▶ **WHAT IS REQUIRED**: The lines to return run from the start of the material below through the line holding "汤有2种,罗宋汤和酸辣汤。我", both included; please give them back exactly, minus the pictures.

▶ **DATA LISTING**:
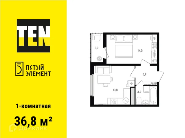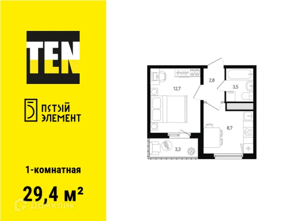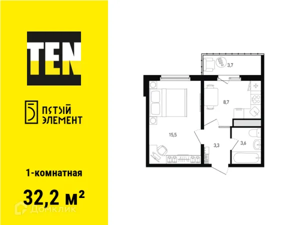 1 комн. квартира в Ростове-на-Дону в ипотеку от 22 193 руб/месяц
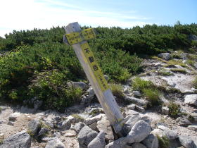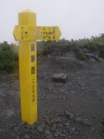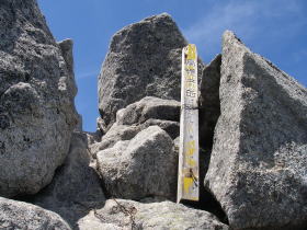 | 烏帽子岳山頂の道標 |
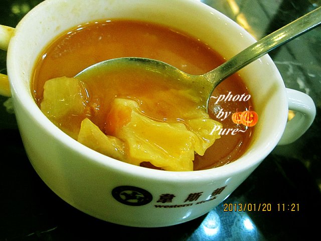 汤有2种,罗宋汤和酸辣汤。我只喝了罗宋汤。汤是要你点的,不过也是无限量。第一碗罗宋汤里面还有牛肉。后面几乎就是蔬菜,到后来蔬菜也没有了。只有罗宋汤。不过罗宋汤做得很浓稠。喜欢。喝了4碗。
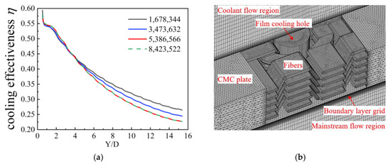 Mixed grids are used for numerical simulation calculations. In the solid region, a tetrahedral grid is used, and then in the mainstream region, the coolant flow region and the film-cooling hole region, the grids on the top and bottom surfaces of the plate are swept to obtain the swept grids. To ensure that the calculation results are independent of the number of grids, this paper divides four sets of grids with the total number of 1,678,344, 3,473,632, 5,386,566, and 8,423,522, respectively, for the verification of grid independence. Figure 8a shows the overall cooling effectiveness under different grid numbers on line 1. The results show that when the number of grids is changed from 5,386,566 to 8,423,522, the change in the overall cooling efficiency is less than 1%. Therefore, a grid with 5,386,566 nodes was used in the simulation, as shown in Figure 8b. In the mainstream flow and coolant flow region, the maximum size of the grid is 0.33 mm, the minimum size is 0.15 mm, and the element size growth rate is 1.1. The height of the first layer of the grid is 1.5 × 10−2 mm, with a total of 15 layers, and the stretch ratio is 1.1. In the film-cooling hole, the maximum size of the grid is 0.1 mm and the minimum size is 0.04 mm, with an element size growth rate of 1.05. For 2.5D braided CMC plates, the maximum size of the grid is 3 mm and the minimum size is 0.1 mm, with an element size growth rate of 1.4.
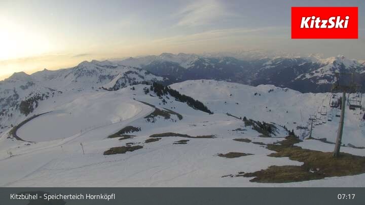 Die Webcam befindet sich auf rund 1.700 m Höhe und blickt auf den Speicherteich Hornköpfl sowie die Kitzbüheler Alpenwelt.
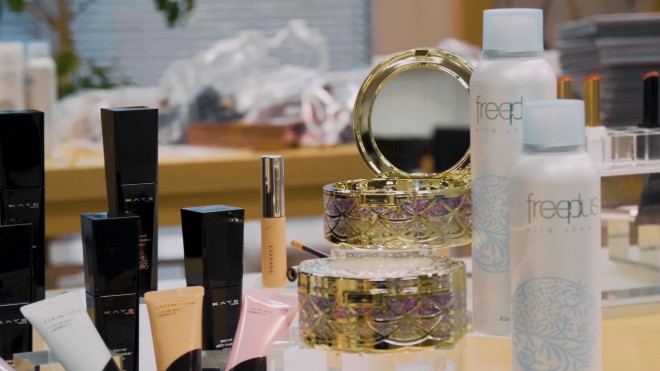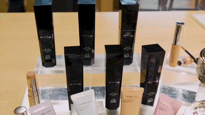 • ベースメイク。カラーコントロールの下地、ファンデーションを塗る。ステージ用ライトの熱によって化粧崩れしないよう、下地は数種類重ねる。ファンデーションはブラシで塗り、表情筋などのシワに入り込まないようスポンジでたたき込む。

▶ **SOLUTION FOR THIS TASK**:
 1 комн. квартира в Ростове-на-Дону в ипотеку от 22 193 руб/месяц
 | 烏帽子岳山頂の道標 |
 汤有2种,罗宋汤和酸辣汤。我只喝了罗宋汤。汤是要你点的,不过也是无限量。第一碗罗宋汤里面还有牛肉。后面几乎就是蔬菜,到后来蔬菜也没有了。只有罗宋汤。不过罗宋汤做得很浓稠。喜欢。喝了4碗。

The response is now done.